A few notes of interest: First, some of the numbers contained in this workbook (from December 1991) seem downright quaint today, e.g. the then-total M1 money stock of $898 billion has since quadrupled. Second, the workbook alludes to the now defunct broader M3 monetary base, which the Fed Board of Governors no longer compiles because “the costs of collecting the underlying data and publishing M3 outweigh the benefits.” Third, the workbook states that “unused or excess reserves earn no interest,” which is no longer the case since 2008, when the Fed starting paying interest on depository institution reserve balances.

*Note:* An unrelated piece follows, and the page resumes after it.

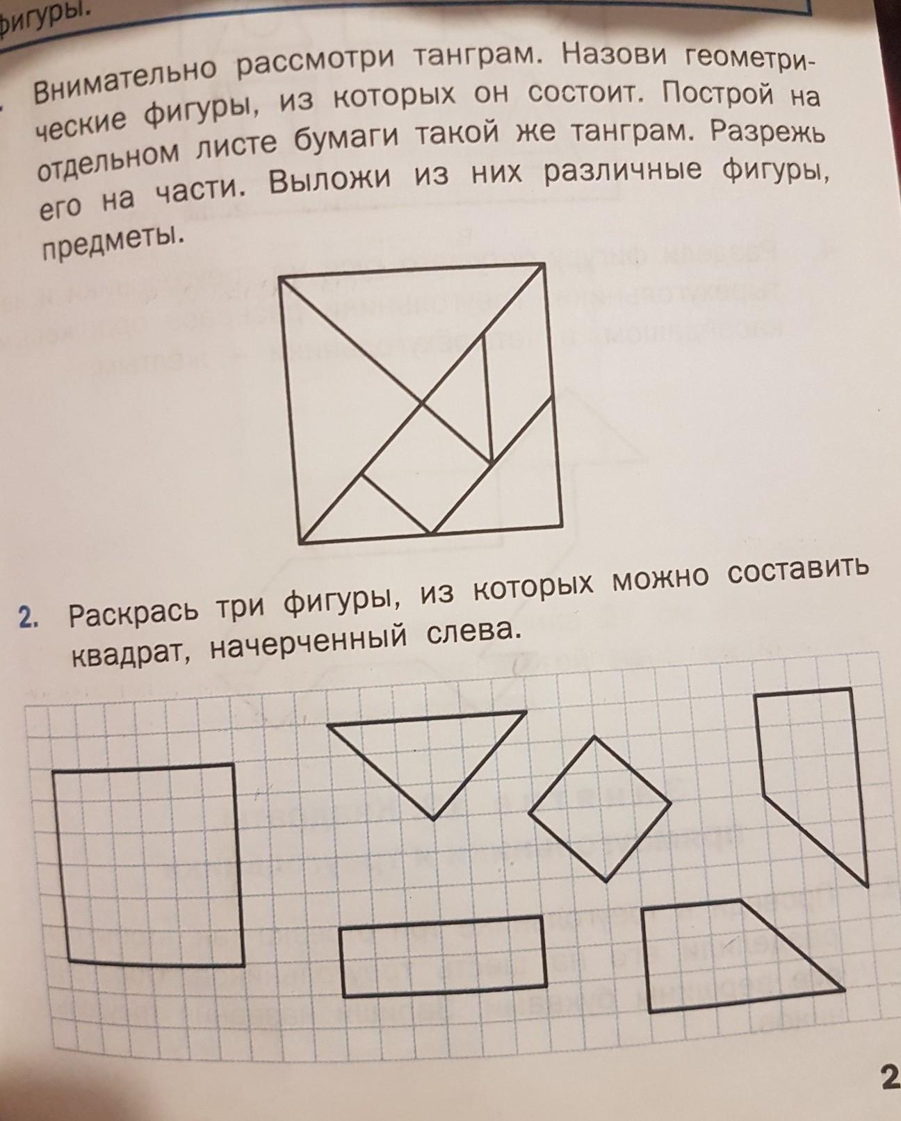 1Танграм состоит из треугольников, квадратов, и параллелограмов.

The program of Interest payments on excess reserves (IOER) was authorized statutorily by the Financial Services Regulatory Relief Act of 2006 (with the effective date for beginning such payments changed from 2011 to 2008 by the Emergency Economic Stabilization Act of 2008). These interest payments (currently .25%) create a de facto floor for interbank lending, i.e. the Fed Funds rate. Yet even a zero Fed Funds rate—and ZIRP is the unspoken Fed policy—doesn’t change the fact that banks cannot lend reserves to commercial nonbank customers. Banks are capital constrained, not reserved constrained. And they are cautious in an era of virtually no real economic growth and limited creditworthiness among borrowers. This is why all of the Fed’s enormous expansion of the monetary base since 2008 has done little to spur lending in the general economy. Finally, the links to illustrations appear to be broken, but this html file still reads better than some of the PDF versions floating around.
From the introduction:
The purpose of this booklet is to describe the basic process of money creation in a “fractional reserve” banking system. The approach taken illustrates the changes in bank balance sheets that occur when deposits in banks change as a result of monetary action by the Federal Reserve System - the central bank of the United States. The relationships shown are based on simplifying assumptions. For the sake of simplicity, the relationships are shown as if they were mechanical, but they are not, as is described later in the booklet. Thus, they should not be interpreted to imply a close and predictable relationship between a specific central bank transaction and the quantity of money. The introductory pages contain a brief general description of the characteristics of money and how the U.S. money system works. The illustrations in the following two sections describe two processes: first, how bank deposits expand or contract in response to changes in the amount of reserves supplied by the central bank; and second, how those reserves are affected by both Federal Reserve actions and other factors. A final section deals with some of the elements that modify, at least in the short run, the simple mechanical relationship between bank reserves and deposit money.